My oldest granddaughter that I had never met was 3 years old and developed a brain tumor and died while I was in prison. The part of that story that belongs to me – is that I’ll never forget the phone call while standing against a wall in Davis County jail with 60 females who didn’t even have the decency to turn down Dr. Phil long enough for me to hear the news clearly.

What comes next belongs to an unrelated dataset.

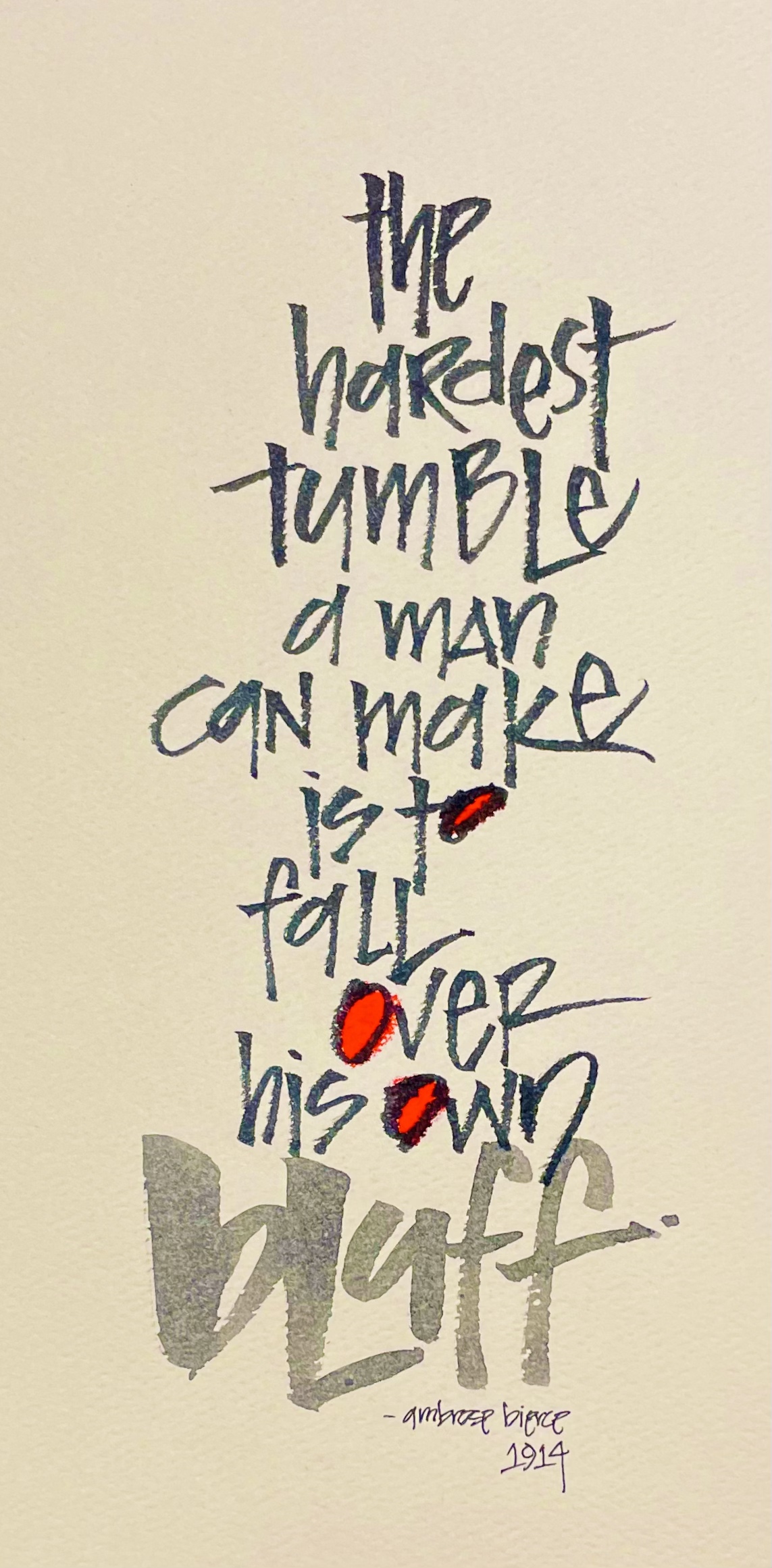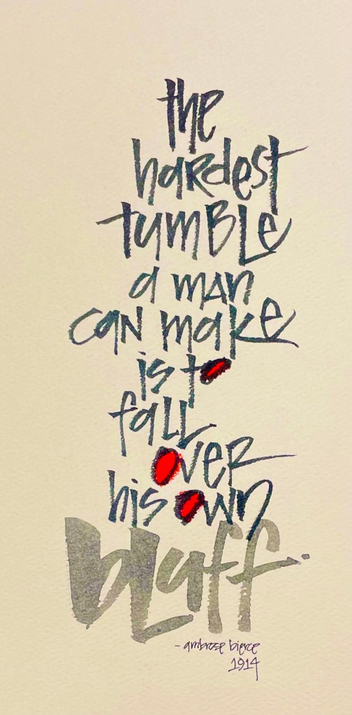 Good news is when we live our lives in truth and don’t bluff our way through things we don’t have to stumble over stories we told and forgot, and now have to cover up again. Our lies are not always to others, sometimes our worst lies are the ones we tell ourselves. We bluff and know we did, yet we do it to avoid the truth of it all. And yes, that bluff does make use stumble even if no one else ever sees our missed step. That bluff tears at our self confidence and leaves us feeling less than the best version of ourselves. I had a brilliant Mentor who told me he grew his life and career by not doing things that made him feel bad about himself…like bluffing.

With one finger in my ear and the other hand gripping the phone to my head – my youngest son explained the situation and the tears flowed like Niagara falls as I turned my forehead against the wall and had no words to even speak as I ended the phone call.
Usually I would have been embarrassed to be crying in front of these hard ass bitches but this time if someone would have said anything to me – they would have gotten hit so hard in the face that they never would have asked me anything ever again. The pain I felt for her, for my son, for her mother and for everyone involved was immeasurable. It felt like I was literally being stabbed in my chest over and over and over. And where was my sorry ass?? Behind walls of concrete and steel due to my addiction and brief life of crime. Are you kidding me?
I will never, ever forgive myself for not being there for this part of my son’s life.
Her name was Mariah. She was such a gorgeous and beautiful little angel who graced the world’s presence for too short of a time – but she left such a huge impact on all who knew her and have known of her.
I love you Mariah. Grandma loves you.